Get a Foreign Currency CD
If you are willing to assume the risk, however, there are two main ways of getting a CD in a non-U.S. currency. You can either take out a CD with a U.S.-based bank that offers foreign currency CDs, or you can approach foreign banks directly.
When it comes to the first option, you have very limited choices. Very few U.S banks offer CDs in foreign currencies—perhaps because of the risks we’ve outlined. However, TIAA Bank (formerly EverBank) is an exception. Their WorldCurrency CDs require a minimum of $10,000 to open and they will take as much as 1% on currency conversion.
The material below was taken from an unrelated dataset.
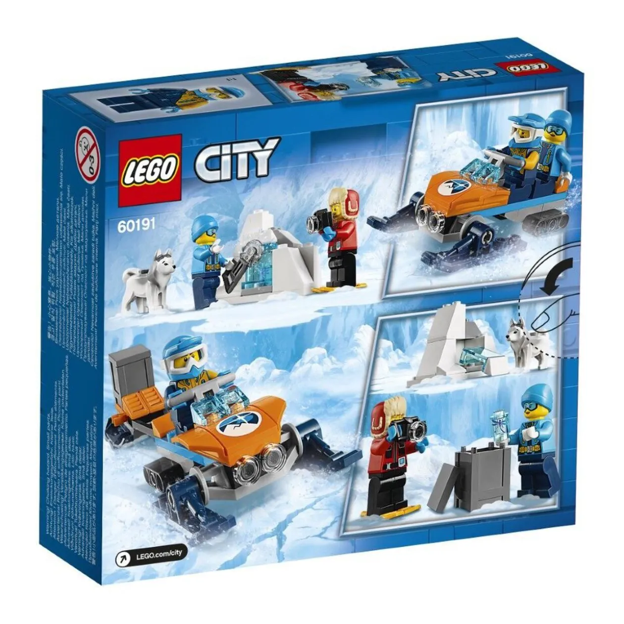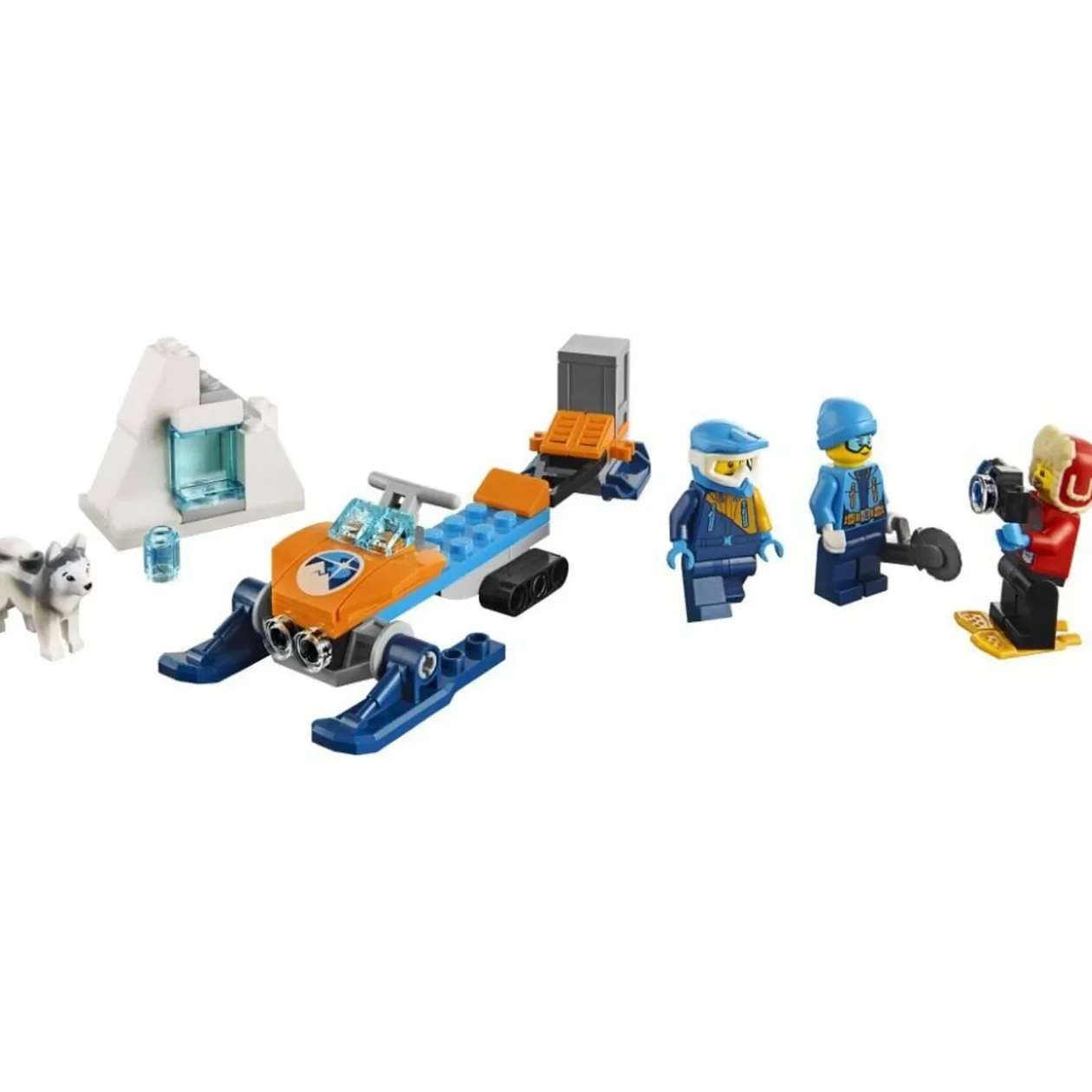 Embarque pour une aventure palpitante au coeur de l’Arctique ! Rejoins le site de fouille sur ta motoneige et utilise la scie pour extraire le fossile caché dans la glace. N’oublie pas de prendre des photos, et ramène-le au camp. Mais il y a encore bien des merveilles à découvrir, alors raccroche la remorque de ta motoneige, rassemble ton équipe et dévale les landes gelées accompagné de ton fidèle husky ! Ce pack LEGO City est adapté aux enfants de 5 à 12 ans et contient : 1 photographe, 1 conducteur de motoneige, 1 explorateur, 1 husky, 1 motoneige, 1 bloc de glace et divers accessoires.
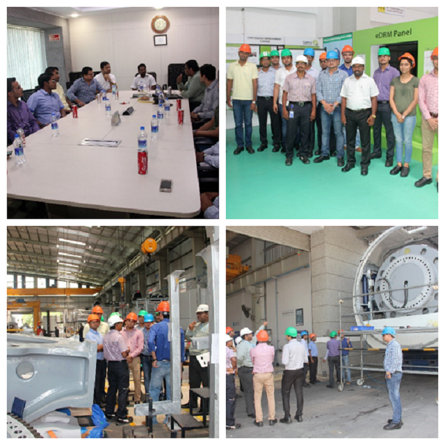 The participants were taken to visit M/s. Gamesa Large Wind Turbine Manufacturing Facility at Mamandur, Chennai, where they had a chance of seeing all the components of wind turbine and the experts trainers explained the working principle of the components along with the troubleshooting techniques.

In exchange, you get access to CDs in a fairly wide range of currencies and FDIC insurance for your deposit.
The second option—approaching foreign banks and credit unions directly—can be much more complicated and much riskier. While it’s possible to secure impressive CD rates by taking this option, you should make sure you understand the banking regulations in the country you want to invest in.
You will be responsible for converting your money into another currency and back to U.S. dollars again, and your money won’t be insured by the FDIC. There may be local deposit insurance available, but you may have to take legal action in the country if your institution defaults, adding another layer of expense and complexity to your CD investments.
Can I Get a CD in a Foreign Currency?
You can get a CD in a foreign currency. If you want a CD in a foreign currency, you can either find a U.S.-based bank that offers these or approach a foreign bank directly.
Are Foreign Currency CDs Safe?
CDs in foreign currencies are far riskier than those in U.S. dollars because of exchange-rate fluctuations. Even though foreign currency CDs can offer higher returns due to higher interest rates, if your CD matures when the U.S. dollar is strong, that can wipe out your returns and make you lose money. In addition, funds invested abroad don’t benefit from FDIC deposit insurance.
Where Can I Get a Foreign Currency CD?
Few banks in the U.S. offer CDs in foreign currencies, although TIAA’s bank is an exception. You also can approach foreign banks and credit unions directly—just make sure that you understand the banking regulations that govern your deposit.
The Bottom Line
It’s possible to invest in a CD denominated in a foreign currency—that is, not U.S. dollars. To do so, you can find a U.S.-based financial institution that offers foreign currency CDs or look for a bank abroad that will allow you to open one directly.
Foreign currency CDs are far riskier than those held in U.S. dollars. Exchange-rate fluctuations can easily wipe out the return you’ll receive, and if you invest directly with a non-U.S. bank or credit union, your funds aren’t insured by the U.S. federal government.